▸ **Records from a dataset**
-------

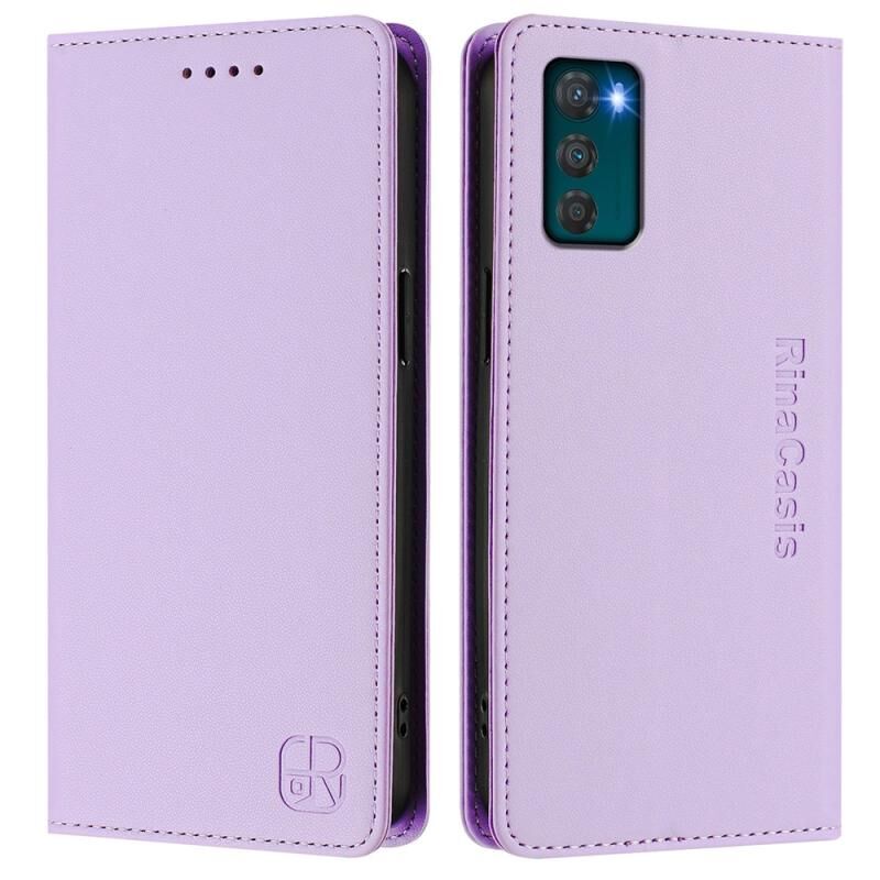 Θήκη τηλεφώνου δερμάτινη με μαγνητική απορρόφηση και διπλή πτυχή για Motorola Moto G42 RC01 (Ανοιχτό Μωβ)
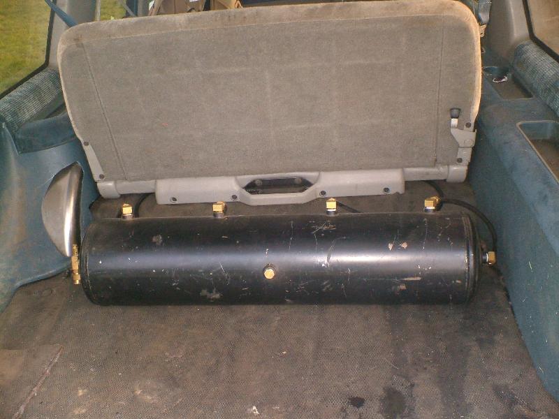 2600 lb bags all around. 2 link( yes i know 2 links are shit but to keep the 3rd row seat , 2 links the only way to go )w
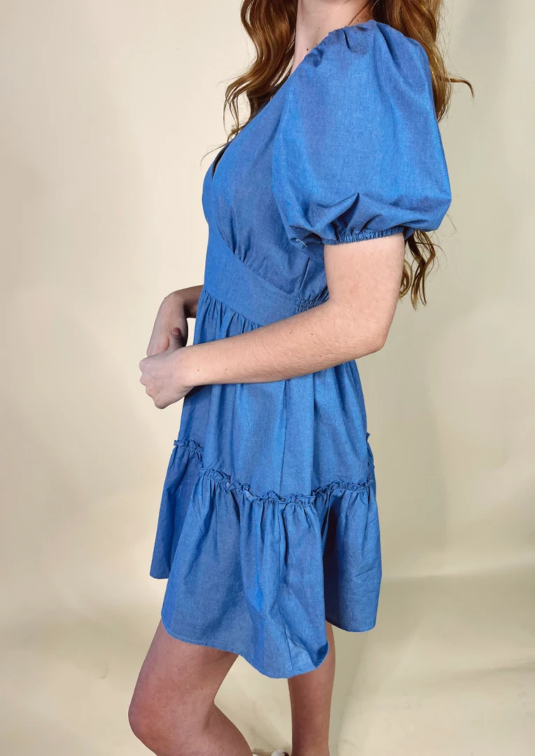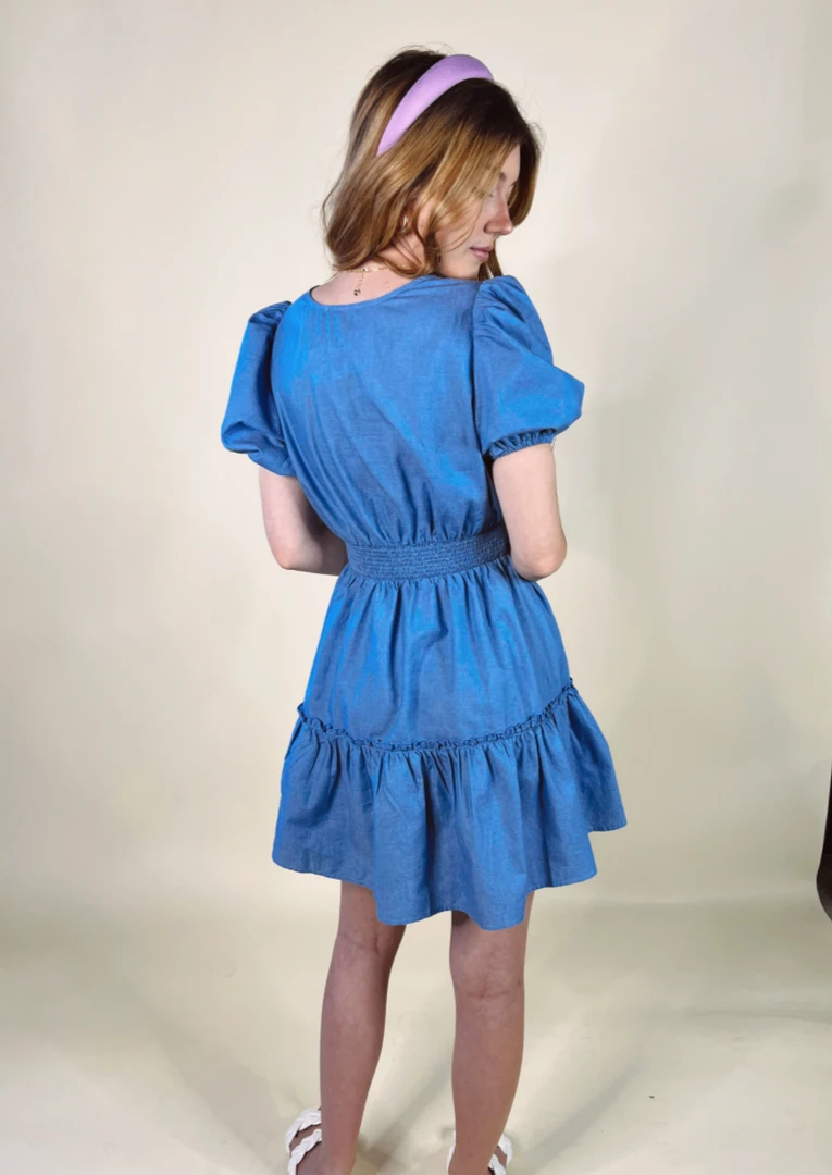 The Blakely dress features a v neckline, short bell sleeves, a flattering yoke detail at the waist with smocked band on the back, and a tiered silhouette with a ruffle at the hemline. We recommend pairing the Blakely dress with trendy accessories and strappy sandals!
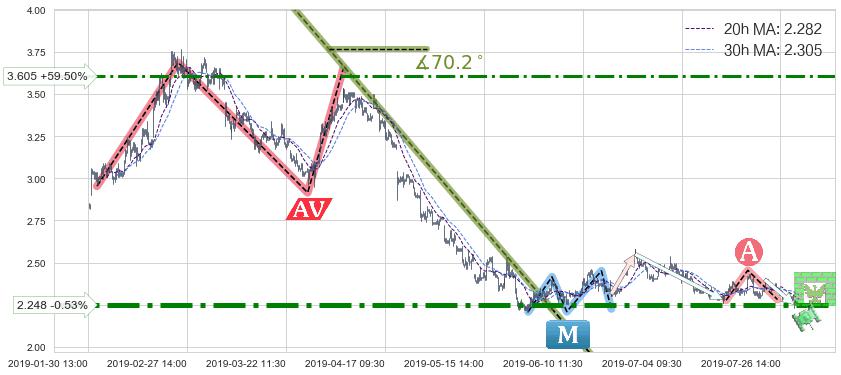 从2019-02-25 09:30至2019-05-31 09:30,共包含385个小时,阶段股价下跌-43.30%,阶段股价变动位移路程比: 1 : 6,下跌趋势角度: 70.2
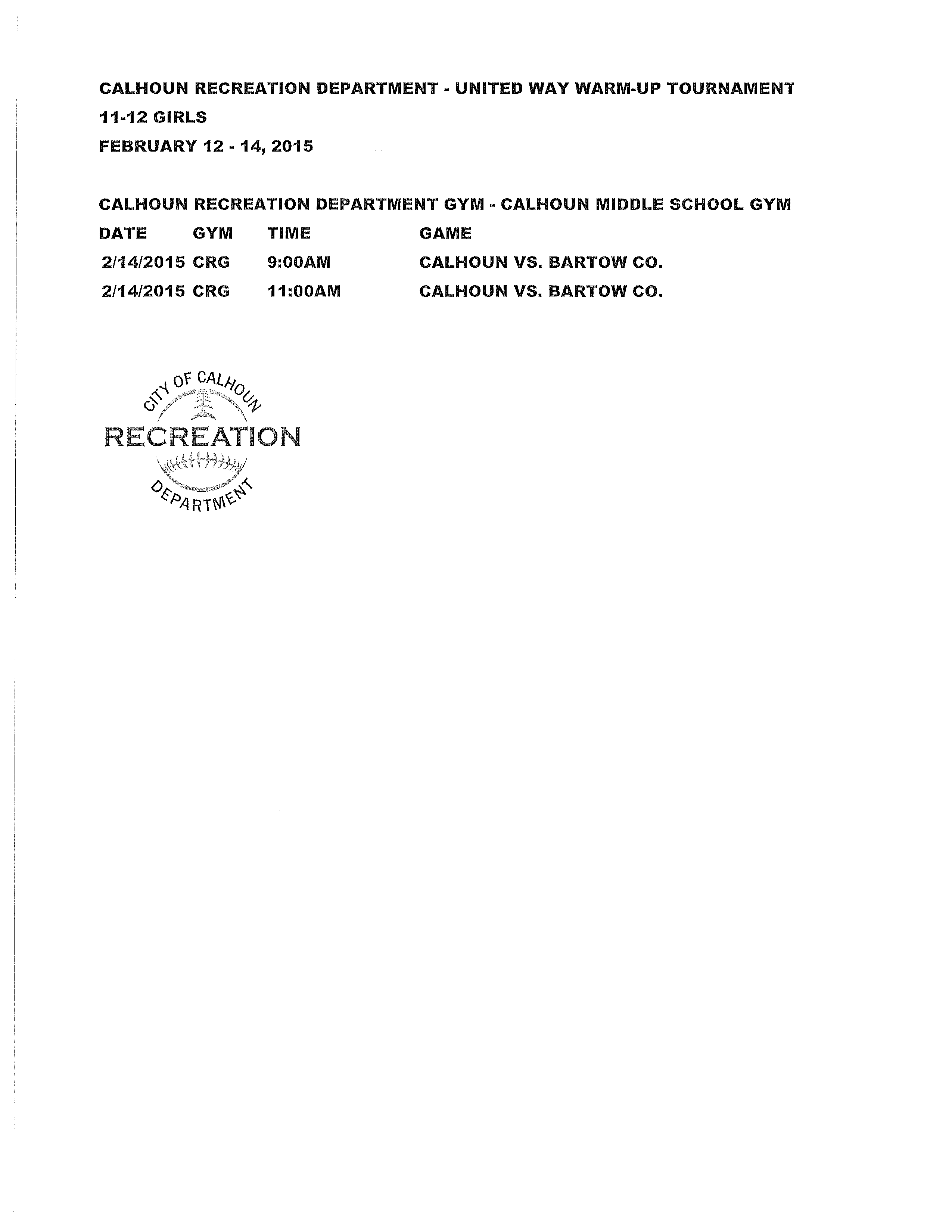 11-12 Girls United Way Warm-Up Tournament Schedule February 9, 2015 2550 × 3300 11-12 Girls United Way Warm-Up Tournament Schedule

-------

Please transcribe all of the entries word for word, with the pictures left out.

 Θήκη τηλεφώνου δερμάτινη με μαγνητική απορρόφηση και διπλή πτυχή για Motorola Moto G42 RC01 (Ανοιχτό Μωβ)
 2600 lb bags all around. 2 link( yes i know 2 links are shit but to keep the 3rd row seat , 2 links the only way to go )w
 The Blakely dress features a v neckline, short bell sleeves, a flattering yoke detail at the waist with smocked band on the back, and a tiered silhouette with a ruffle at the hemline. We recommend pairing the Blakely dress with trendy accessories and strappy sandals!
 从2019-02-25 09:30至2019-05-31 09:30,共包含385个小时,阶段股价下跌-43.30%,阶段股价变动位移路程比: 1 : 6,下跌趋势角度: 70.2
 11-12 Girls United Way Warm-Up Tournament Schedule February 9, 2015 2550 × 3300 11-12 Girls United Way Warm-Up Tournament Schedule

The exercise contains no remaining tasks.